» BRIEF
Within the lines below, the span from the line with "Pasta de Dentes" to the line with "This product is", both ends included, is to be reproduced exactly, with pictures omitted.

Entries taken from a collection:
──────────
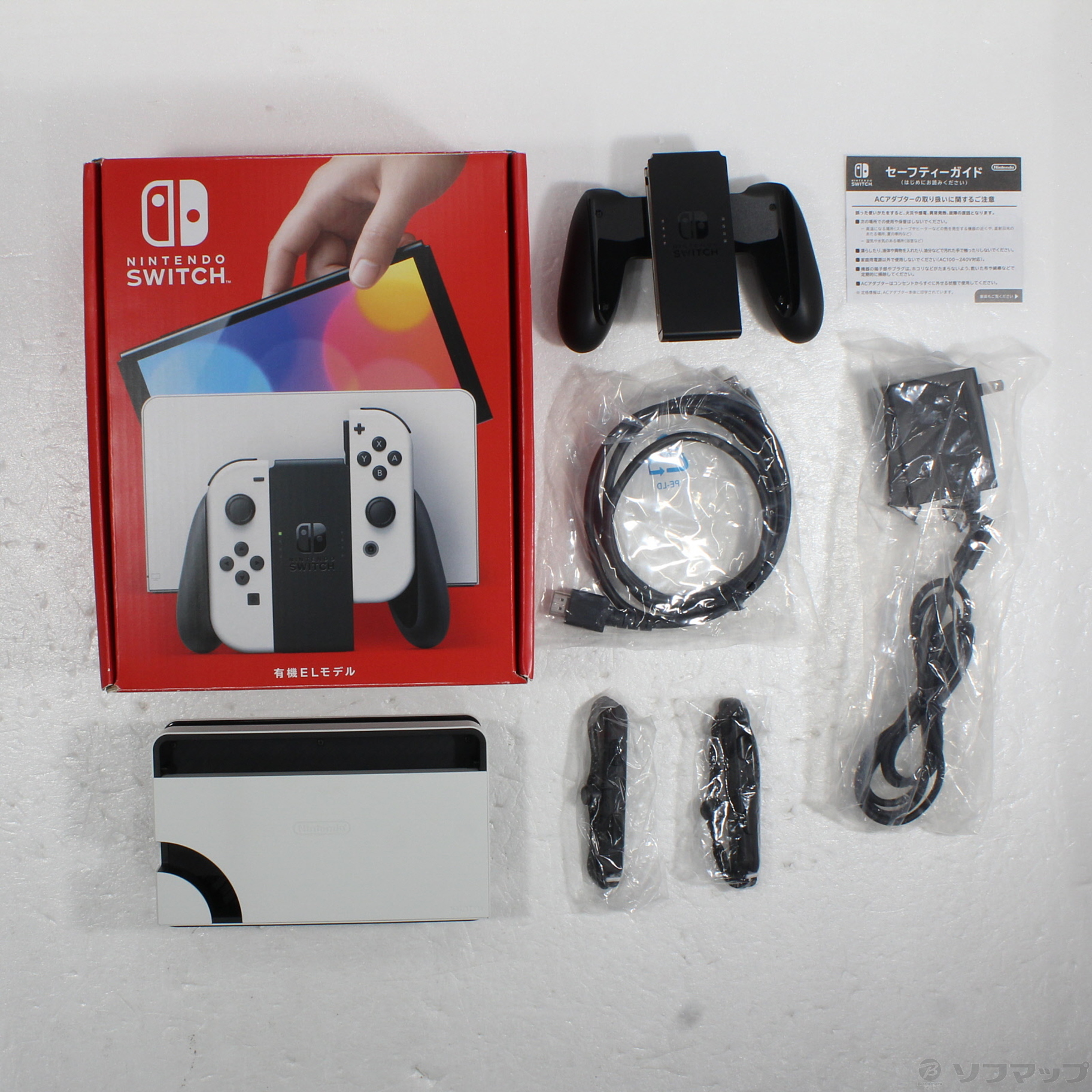 〔付属品〕箱/内箱、セーフティーガイド、ACアダプター、Joy-Con(L) ホワイト、Joy-Con(R) ホワイト、Joy-Conグリップ、Nintendo Switchドック ホワイト、Nintendo Switchドック背面カバー ホワイト、Joy-Conストラップ(1/2)、Joy-Conストラップ(2/2)、ハイスピード HDMIケーブル
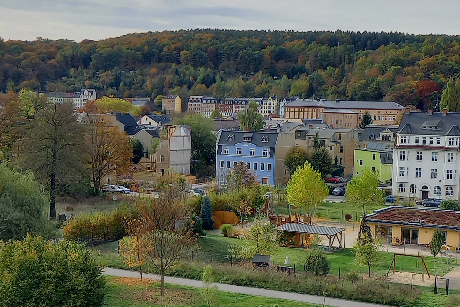 Blick vom Hainberg in Richtung Pohlitz; links das Gelände des ehemaligen TVW, rechts das ehemalige Fabrikgebäude der Gebrüder Albert
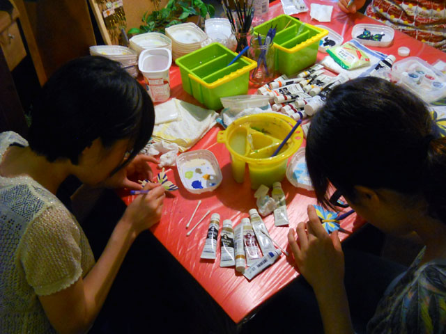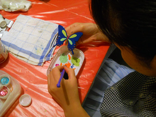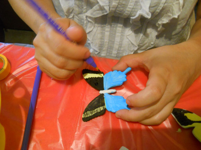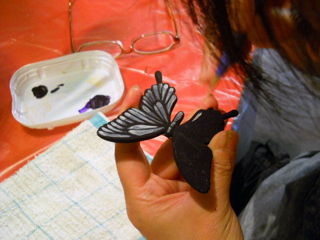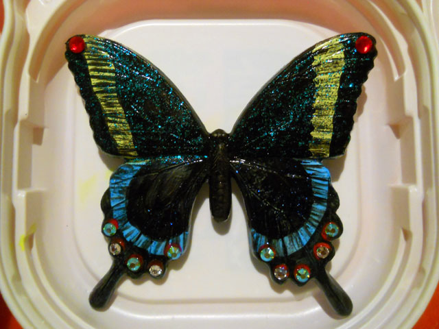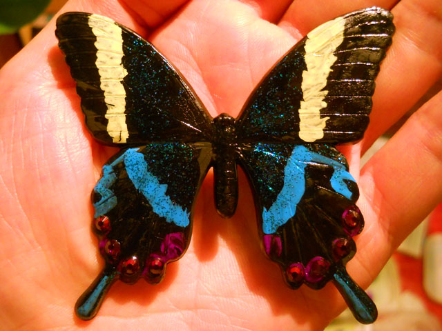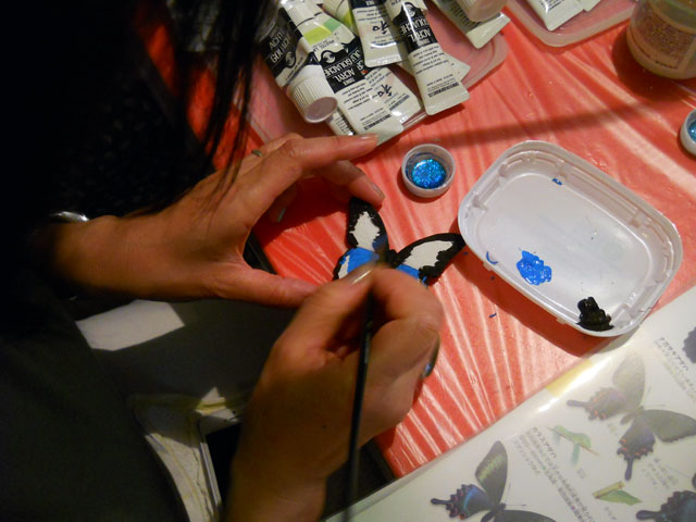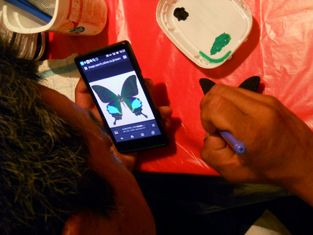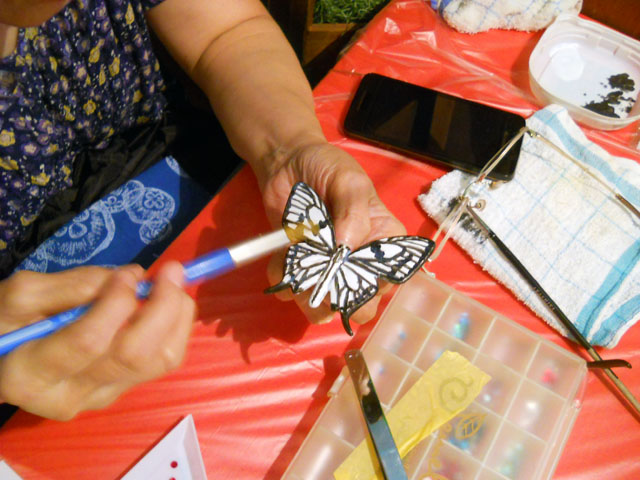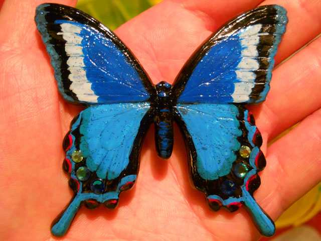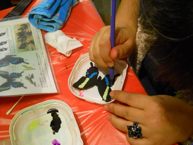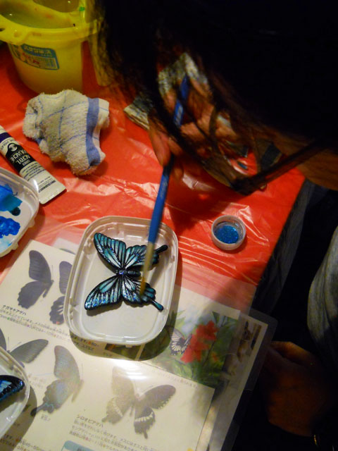 今回ご用意した素材は、カラスアゲハとゴクラクトリバネアゲハという二種類の蝶をモチーフにしております。カラスアゲハの方はほぼ実物大のサイズです。 始めにアクリル絵の具で色を塗ってから、お好みによりラメラメのパウダーを施したり、ラインストーンを貼り付けたりして仕上げますが、本来の色に近い彩色 を施す方や、全くのオリジナルカラーで自由にデザインされるパターンなど、それぞれに個性あふれる素晴らしい作品になりました(^-'*)♪ アトリエ☆イボヤギ 木村大介
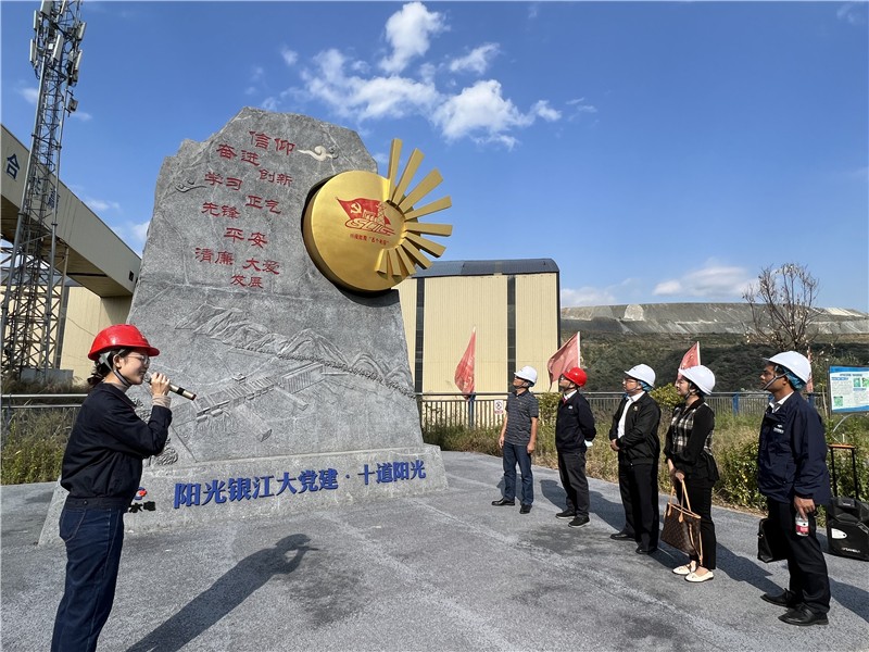 覃鳳荏一行首先來(lái)到銀江水電站施工現(xiàn)場(chǎng),參加了銀江水電站大壩首倉(cāng)混凝土澆筑活動(dòng)。在現(xiàn)場(chǎng)聽(tīng)取了銀江水電站工程整體規(guī)劃、建設(shè)意義、工期計(jì)劃等基本情況介紹,并參觀了鋼筋加工車(chē)間、試驗(yàn)室等地。隨后,覃鳳荏一行參觀了攀水電公司“七色陽(yáng)光大黨建”宣傳陣地,詳細(xì)了解了“十道陽(yáng)光行動(dòng)計(jì)劃”等內(nèi)容。
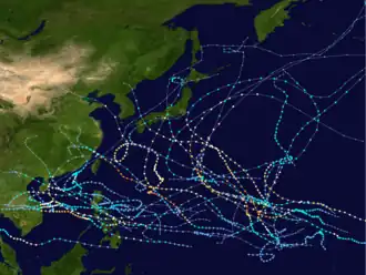 A total of 36 tropical depressions formed this year in the Western Pacific, of which 30 became tropical storms. Twenty-two storms reached typhoon intensity, of which two reached super typhoon strength.[1]
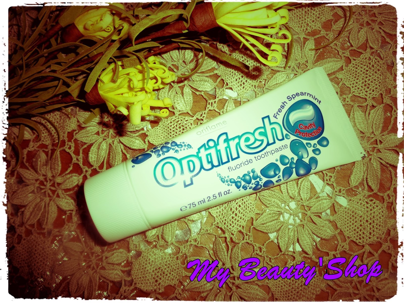Pasta de Dentes da Gama Optifresh (indicada para a protecção de cáries) com menta fresca.
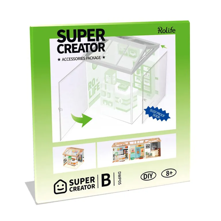 This product is an accessory and works for Rolife Super Creator series only. Typically, a Rolife Super Creator miniature house can combine with a roof and two dust-proof doors.
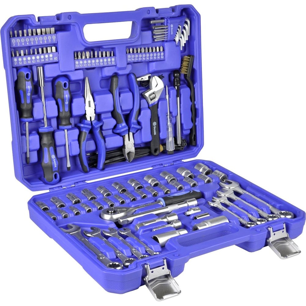 Набор инструментов выполнен из специальной комплексно легированной стали с повышенным содержанием углерода. Прочные металлические замки и эргономичный ударопрочный кейс делают набор головок с трещоткой эффективным и мобильным. Благодаря удачно подобранной комплектации набор подойдет для большого количества различных задач, существенно снижает зависимость от стороннего инструмента и позволяет эффективно работать, не прибегая к дополнительным комплектам.
──────────
» RESPONSE
Pasta de Dentes da Gama Optifresh (indicada para a protecção de cáries) com menta fresca.
 This product is an accessory and works for Rolife Super Creator series only. Typically, a Rolife Super Creator miniature house can combine with a roof and two dust-proof doors.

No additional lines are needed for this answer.